Start of RECORDS SHOWN
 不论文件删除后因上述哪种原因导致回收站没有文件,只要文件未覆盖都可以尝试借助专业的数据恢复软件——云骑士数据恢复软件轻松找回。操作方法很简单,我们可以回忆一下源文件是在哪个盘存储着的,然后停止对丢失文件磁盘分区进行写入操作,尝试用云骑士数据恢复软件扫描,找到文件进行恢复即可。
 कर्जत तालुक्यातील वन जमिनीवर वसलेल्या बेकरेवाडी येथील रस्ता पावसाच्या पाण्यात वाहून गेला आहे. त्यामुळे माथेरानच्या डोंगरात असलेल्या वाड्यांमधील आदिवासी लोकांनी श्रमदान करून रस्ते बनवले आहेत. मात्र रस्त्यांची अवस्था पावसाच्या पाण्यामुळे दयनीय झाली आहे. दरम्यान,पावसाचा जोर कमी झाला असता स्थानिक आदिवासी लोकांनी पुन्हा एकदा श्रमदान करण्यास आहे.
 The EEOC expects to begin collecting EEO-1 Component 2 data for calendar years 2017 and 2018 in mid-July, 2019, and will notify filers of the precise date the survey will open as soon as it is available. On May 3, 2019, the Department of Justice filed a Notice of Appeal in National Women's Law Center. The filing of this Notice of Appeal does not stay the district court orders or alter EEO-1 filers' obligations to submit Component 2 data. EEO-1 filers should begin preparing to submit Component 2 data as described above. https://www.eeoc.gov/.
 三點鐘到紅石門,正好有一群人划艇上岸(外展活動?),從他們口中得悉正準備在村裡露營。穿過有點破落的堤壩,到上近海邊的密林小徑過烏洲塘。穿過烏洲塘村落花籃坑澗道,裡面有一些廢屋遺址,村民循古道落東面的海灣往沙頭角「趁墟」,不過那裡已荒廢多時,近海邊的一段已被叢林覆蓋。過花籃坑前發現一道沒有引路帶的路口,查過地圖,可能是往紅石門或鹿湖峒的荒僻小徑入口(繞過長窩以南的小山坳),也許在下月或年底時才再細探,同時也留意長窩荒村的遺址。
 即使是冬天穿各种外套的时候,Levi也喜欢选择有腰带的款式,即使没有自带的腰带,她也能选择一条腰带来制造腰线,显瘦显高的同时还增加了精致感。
End of RECORDS SHOWN
Start of RECORDS SHOWN
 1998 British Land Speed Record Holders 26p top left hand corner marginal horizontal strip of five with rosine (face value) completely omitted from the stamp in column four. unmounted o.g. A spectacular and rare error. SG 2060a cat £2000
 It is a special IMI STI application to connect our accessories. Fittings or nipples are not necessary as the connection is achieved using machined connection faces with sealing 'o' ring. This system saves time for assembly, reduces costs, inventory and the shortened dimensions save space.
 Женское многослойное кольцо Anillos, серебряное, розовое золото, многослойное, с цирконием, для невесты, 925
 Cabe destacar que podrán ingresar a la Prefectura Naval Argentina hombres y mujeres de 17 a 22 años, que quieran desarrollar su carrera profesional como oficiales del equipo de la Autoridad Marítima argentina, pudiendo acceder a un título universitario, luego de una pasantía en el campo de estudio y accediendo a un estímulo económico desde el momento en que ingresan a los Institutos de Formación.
End of RECORDS SHOWN
**HOW TO COMPLETE THIS TASK**
Start with the line above that contains "The EEOC expects" and stop after the line that contains "三點鐘到紅石門,正好有一群人". Output those lines exactly, and only those.

**RESPONSE AREA**
 The EEOC expects to begin collecting EEO-1 Component 2 data for calendar years 2017 and 2018 in mid-July, 2019, and will notify filers of the precise date the survey will open as soon as it is available. On May 3, 2019, the Department of Justice filed a Notice of Appeal in National Women's Law Center. The filing of this Notice of Appeal does not stay the district court orders or alter EEO-1 filers' obligations to submit Component 2 data. EEO-1 filers should begin preparing to submit Component 2 data as described above. https://www.eeoc.gov/.
 三點鐘到紅石門,正好有一群人划艇上岸(外展活動?),從他們口中得悉正準備在村裡露營。穿過有點破落的堤壩,到上近海邊的密林小徑過烏洲塘。穿過烏洲塘村落花籃坑澗道,裡面有一些廢屋遺址,村民循古道落東面的海灣往沙頭角「趁墟」,不過那裡已荒廢多時,近海邊的一段已被叢林覆蓋。過花籃坑前發現一道沒有引路帶的路口,查過地圖,可能是往紅石門或鹿湖峒的荒僻小徑入口(繞過長窩以南的小山坳),也許在下月或年底時才再細探,同時也留意長窩荒村的遺址。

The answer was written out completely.